The Missouri House passed its version of the budget without the additional funding that Curtman proposed.

Now the budget has gone to the Senate, where Curtman hopes he can work with senators to put more funding into the system.

State Rep. Dave Schatz, R-Sullivan, plans to help Curtman work with the Senate to get additional drug court funding added to the budget. However, they may not be able to get the full $7 million, but any increase will be better than nothing, Curtman, R-Pacific, said.

It costs an estimated $22,853 to incarcerate an inmate each year compared to $6,190 per year to put a person through the treatment court system, state documents say.

Drug courts attempt to treat the underlying substance abuse problem so the person can live a productive life. In addition to being a more cost-effective avenue, drug courts also reduce recidivism, Curtman said.

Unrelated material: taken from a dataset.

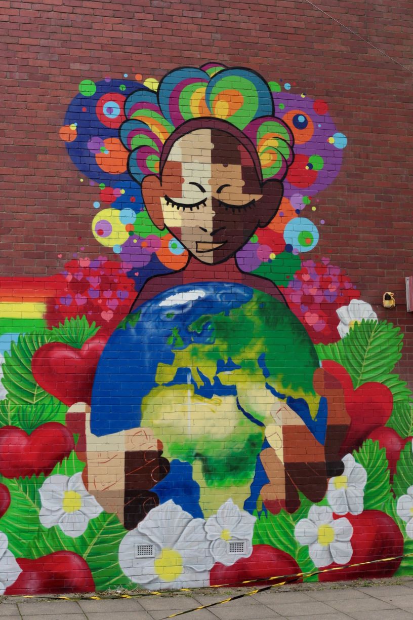 On Stamford Street, Donna Michelle Griffith and Lynda Sterling have combined traditional painting techniques with more contemporary street art styles to create the Tree of Life, whilst Martene Rouke’s Voices of The World on my Doorstep (Cross Street) presents a jigsaw-like image out of bold colours showing the community connecting with each other. It features the words “Hello, how are you?” in a number of community languages.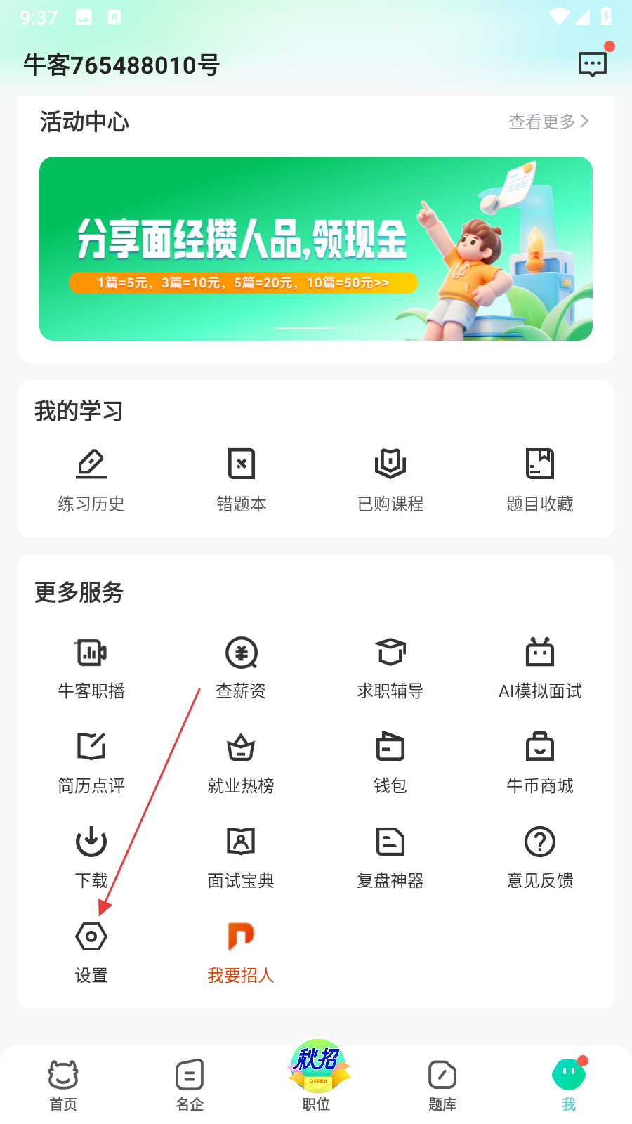 2、在個人中心頁面的更多服務(wù)區(qū)域,點(diǎn)擊設(shè)置選項(xiàng),進(jìn)入設(shè)置界面。

Franklin and Jefferson counties, which have both struggled with methamphetamine, could benefit from more funding to the state drug courts, according to Curtman.

The Missouri judiciary has asked the Legislature for $7 million in additional funding for the treatment court system. That would more than double the current budget.

Curtman said the additional $7 million he has proposed for drug courts is currently going unused by the Department of Corrections. Taking that money would not cause cuts in other areas since the funding is not currently being used, he added.

Curtman noted that his effort to provide more drug court funding had the support of top House officials, including the speaker and floor leader

The Missouri treatment court system serves about 3,500 people across the state, according to Rick Morrisey with the Office of State Courts Administrator. The extra funding requested could increase the amount of people served by 1,000 to 2,000, Morrisey has said.